**Dataset extract**
- Opening Delimiter -

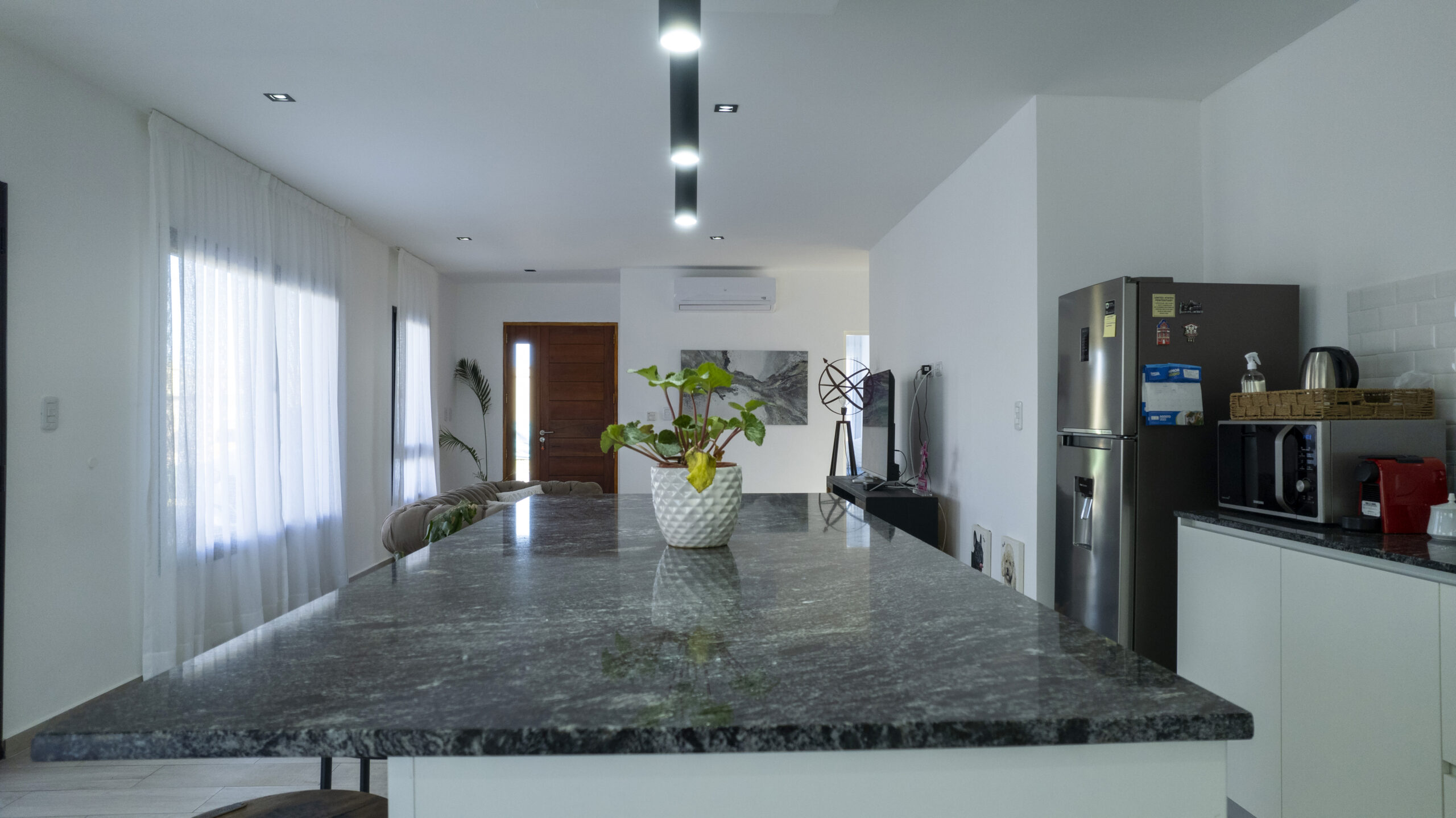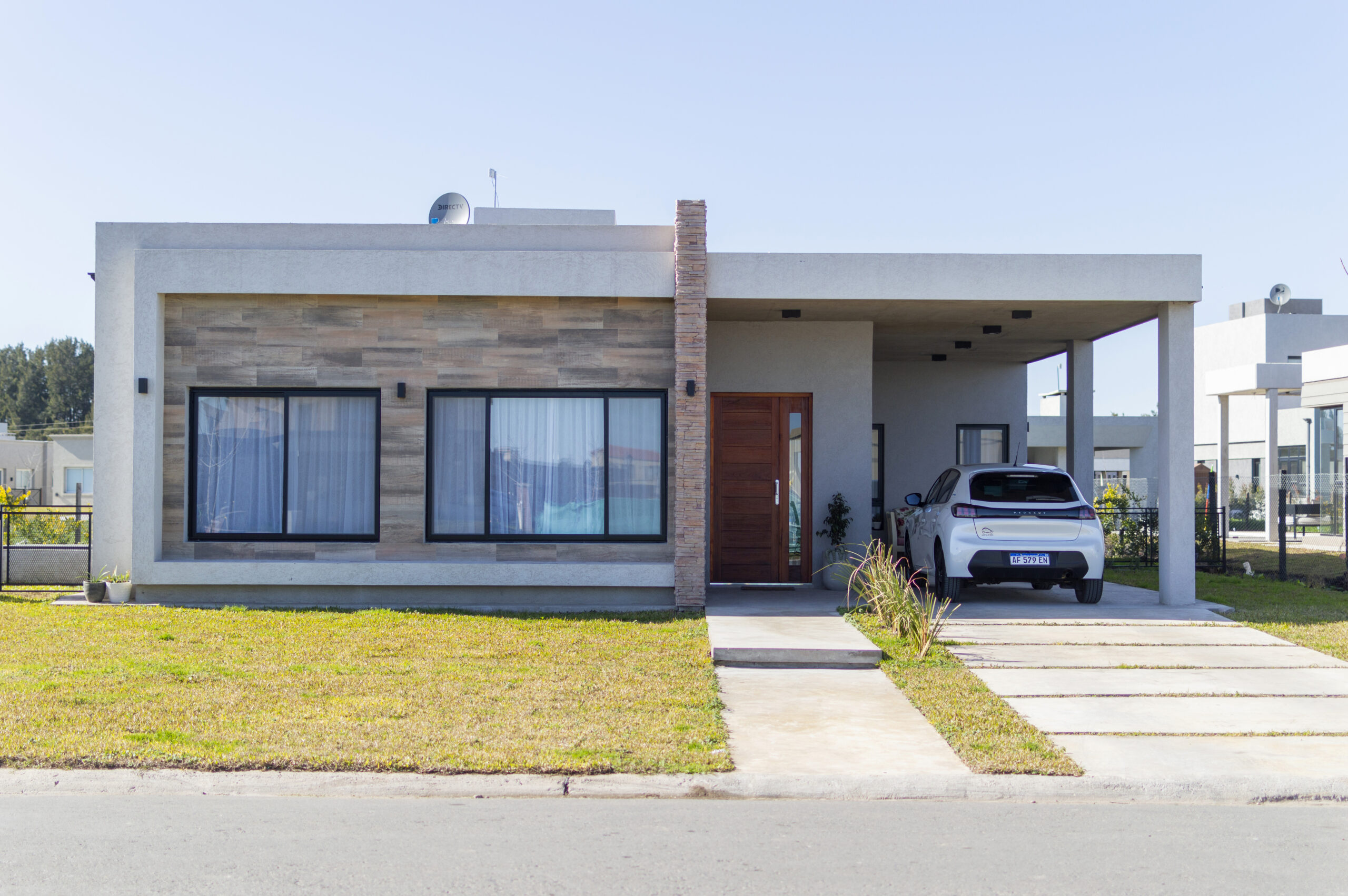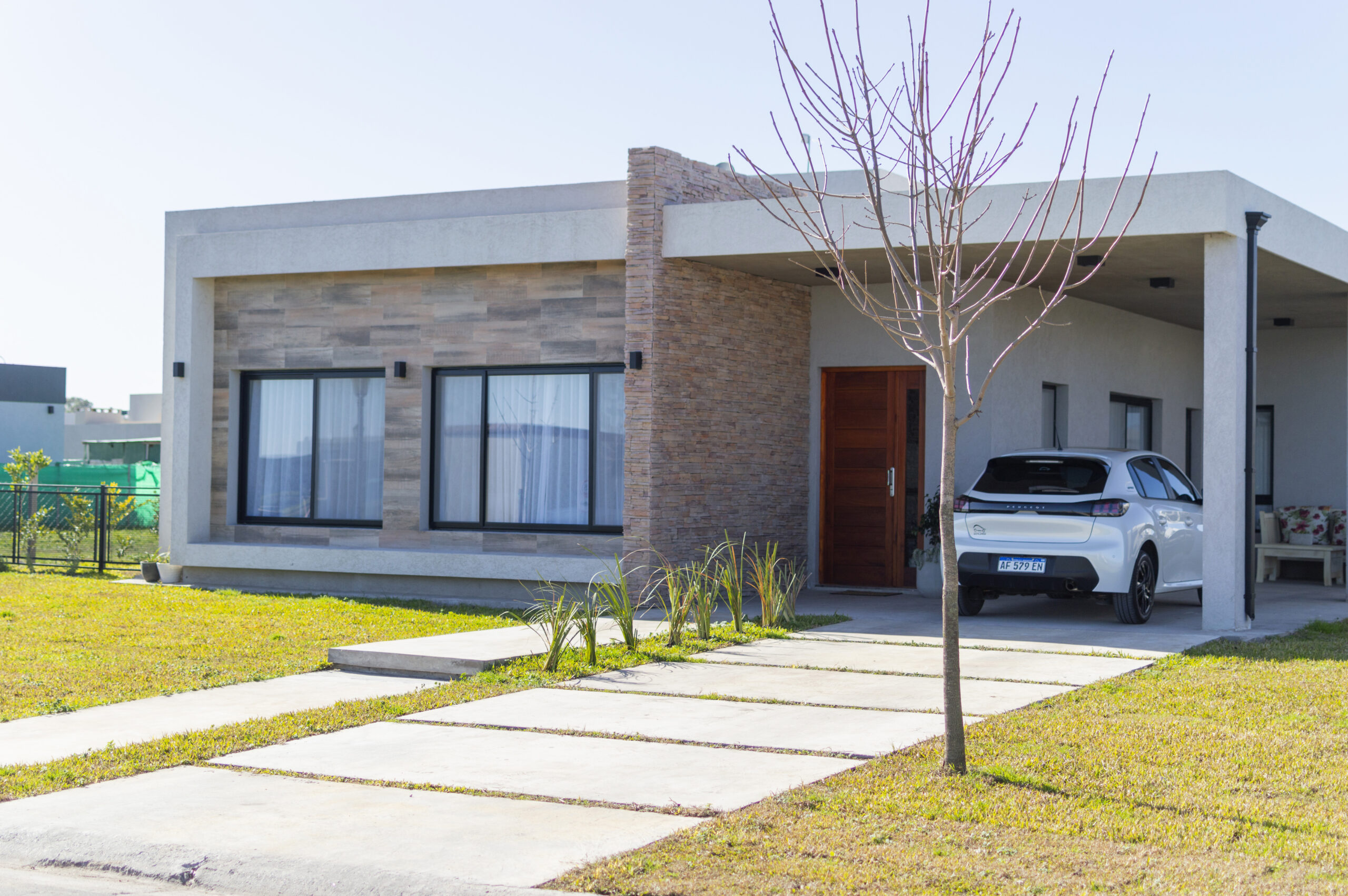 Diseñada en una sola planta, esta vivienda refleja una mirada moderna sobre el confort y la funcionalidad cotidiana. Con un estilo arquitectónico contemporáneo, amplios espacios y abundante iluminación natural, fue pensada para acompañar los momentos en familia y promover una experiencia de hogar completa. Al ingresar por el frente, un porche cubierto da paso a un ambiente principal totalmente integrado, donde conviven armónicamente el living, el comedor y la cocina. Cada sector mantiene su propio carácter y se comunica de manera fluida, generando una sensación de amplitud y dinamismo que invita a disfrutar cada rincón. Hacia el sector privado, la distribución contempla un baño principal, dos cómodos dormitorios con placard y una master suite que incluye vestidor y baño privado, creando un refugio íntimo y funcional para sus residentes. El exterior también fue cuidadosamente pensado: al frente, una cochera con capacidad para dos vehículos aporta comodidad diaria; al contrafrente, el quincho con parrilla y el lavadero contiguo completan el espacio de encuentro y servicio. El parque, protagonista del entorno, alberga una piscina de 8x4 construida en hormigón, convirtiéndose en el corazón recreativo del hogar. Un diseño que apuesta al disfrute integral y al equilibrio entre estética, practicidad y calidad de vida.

- Closing Delimiter -
- Opening Delimiter -

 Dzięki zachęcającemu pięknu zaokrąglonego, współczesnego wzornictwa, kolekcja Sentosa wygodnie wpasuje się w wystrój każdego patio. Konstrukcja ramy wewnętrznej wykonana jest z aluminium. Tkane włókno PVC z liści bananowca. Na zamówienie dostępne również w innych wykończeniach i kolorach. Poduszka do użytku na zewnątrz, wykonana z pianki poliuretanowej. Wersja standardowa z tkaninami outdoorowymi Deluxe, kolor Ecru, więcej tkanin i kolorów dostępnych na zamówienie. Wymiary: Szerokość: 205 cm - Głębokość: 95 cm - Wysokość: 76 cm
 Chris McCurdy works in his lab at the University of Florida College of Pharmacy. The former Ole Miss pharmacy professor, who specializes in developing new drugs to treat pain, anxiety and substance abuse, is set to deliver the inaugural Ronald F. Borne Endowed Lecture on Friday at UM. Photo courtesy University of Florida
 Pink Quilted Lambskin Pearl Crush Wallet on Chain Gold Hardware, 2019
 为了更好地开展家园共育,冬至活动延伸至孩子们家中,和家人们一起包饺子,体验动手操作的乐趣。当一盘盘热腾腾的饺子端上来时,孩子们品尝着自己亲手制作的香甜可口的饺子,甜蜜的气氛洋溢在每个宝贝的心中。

- Closing Delimiter -

**Problem details**
Please reproduce exactly the lines in the listing above from the one containing "Chris McCurdy works" through the one containing "为了更好地开展家园共育,冬至", both included, and nothing more.

**Written response**
 Chris McCurdy works in his lab at the University of Florida College of Pharmacy. The former Ole Miss pharmacy professor, who specializes in developing new drugs to treat pain, anxiety and substance abuse, is set to deliver the inaugural Ronald F. Borne Endowed Lecture on Friday at UM. Photo courtesy University of Florida
 Pink Quilted Lambskin Pearl Crush Wallet on Chain Gold Hardware, 2019
 为了更好地开展家园共育,冬至活动延伸至孩子们家中,和家人们一起包饺子,体验动手操作的乐趣。当一盘盘热腾腾的饺子端上来时,孩子们品尝着自己亲手制作的香甜可口的饺子,甜蜜的气氛洋溢在每个宝贝的心中。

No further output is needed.